§ Rule 30 Depositions upon oral examination

Rule 30. Depositions upon oral examination.

    (a) When depositions may be taken. After commencement of the action, any party may take the testimony of any person, including a party, by deposition upon oral examination. Leave of court, granted with or without notice, must be obtained only if the plaintiff seeks to take a deposition prior to the expiration of thirty (30) days after service of the summons and complaint upon any defendant or other mode of service under Rule 4, except that leave is not required (1) if a defendant has served a notice of taking deposition or otherwise sought discovery, or (2) if special notice is given as provided in subdivision (b)(2) of this rule. The attendance of witnesses may be compelled by subpoena as provided in Rule 45. The deposition of a person confined in prison may be taken only by leave of court on such terms as the court prescribes.

    (b) Notice of examination; general requirements; special notice; videotaping or other equivalent technology; procurement of documents and things; deposition of organization.

        (1) A party desiring to take the deposition of any person upon oral examination shall give reasonable notice in writing to every other party to the action. The notice shall state the time and place for taking the deposition and the name and address of each person to be examined, if known, and, if the name is not known, a general description sufficient to identify the person or the particular class or group to which the person belongs. If a subpoena duces tecum is to be served on the person to be examined, the designation of the materials to be produced as set forth in the subpoena shall be attached to or included in the notice.

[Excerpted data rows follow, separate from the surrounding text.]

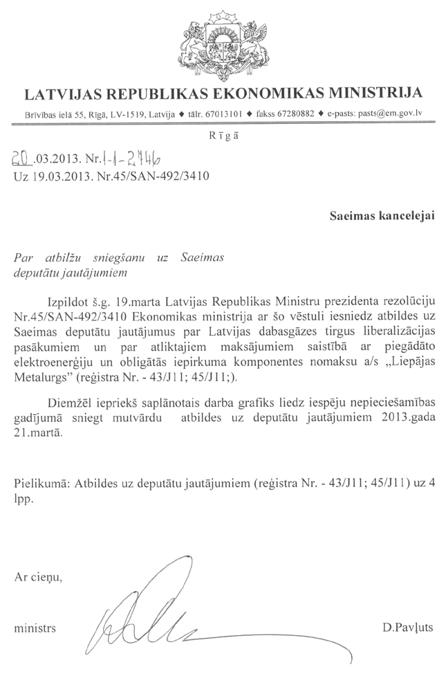 Savukārt tagad Saeimas Prezidijs ir saņēmis deputātu Elksniņa, Cvetkovas, Urbanoviča, Agešina un Rubika jautājumu ekonomikas ministram Danielam Pavļutam "Par Ekonomikas ministrijas sagatavotajiem politikas plānošanas dokumentu un tiesību aktu projektiem un to īstenošanu". Jautājums tiks nodots ekonomikas ministram.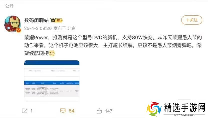 在荣耀Power正式公布之前,网络上已流传着不少关于该机的信息。知名数码博主@数码闲聊站曾透露,荣耀Power或将对应入网型号为“DVD”,并具备高达80W的快速充电能力,这一配置无疑为手机续航提供了强有力的保障。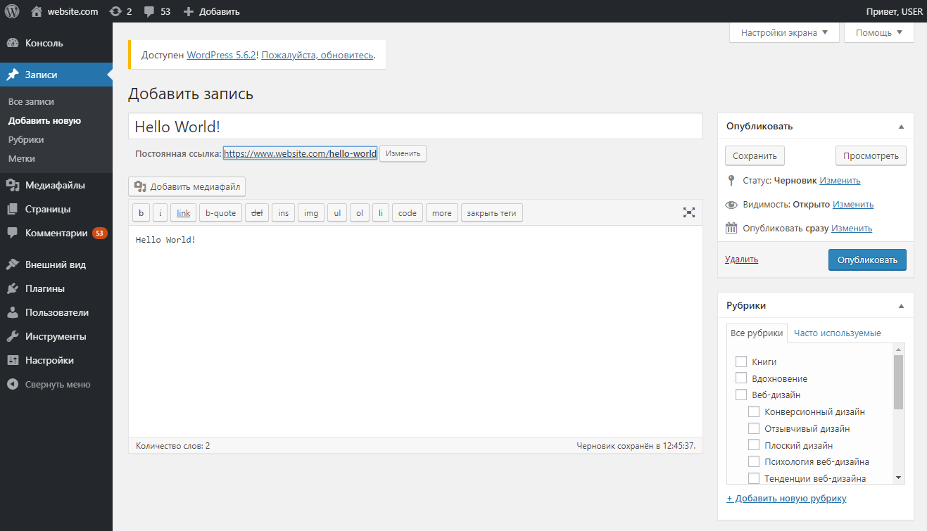 Есть несколько советов, которые следует учитывать при работе с контентом. С правой стороны вы увидите несколько дополнительных опций. Например, установка избранного изображения автоматически устанавливает миниатюру, которая сопровождает сообщения во многих темах.
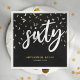Modern 60th birthday party napkins featuring a stylish black background, gold confetti, the title 'sixty' in a bold white script font, the saying 'happy birthday', their name, and the date of the celebration.
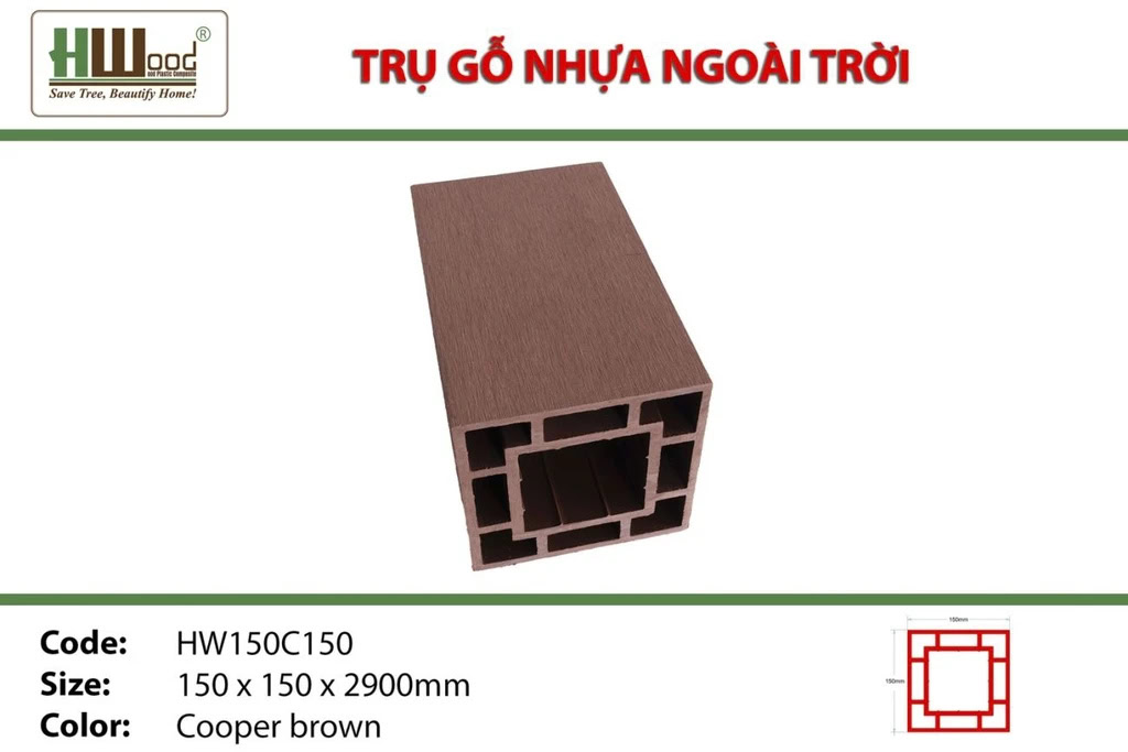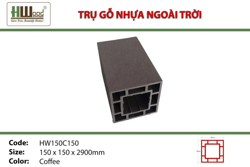 Trụ gỗ nhựa ngoài trời Hwood HW150C150

        (2) Leave of court is not required for the taking of a deposition by plaintiff if the notice (A) states that the person to be examined is about to go out of the circuit where the action is pending and more than one hundred (100) miles from the place of trial, or is about to go out of the United States, or is bound on a voyage to sea, and will be unavailable for examination unless the person's deposition is taken before expiration of the (thirty-) 30-day period, and (B) sets forth facts to support the statement. The plaintiff's attorney shall sign the notice, and the attorney's signature constitutes a certification by the attorney that to the best of the attorney's knowledge, information, and belief the statement and supporting facts are true. The sanctions provided by Rule 11 are applicable to the certification.

    If a party shows that when the party was served with notice under this subdivision (b)(2) the party was unable through the exercise of diligence to obtain counsel to represent the party at the taking of the deposition, the deposition may not be used against the party.

        (3) The court may for cause shown enlarge or shorten the time for taking the deposition.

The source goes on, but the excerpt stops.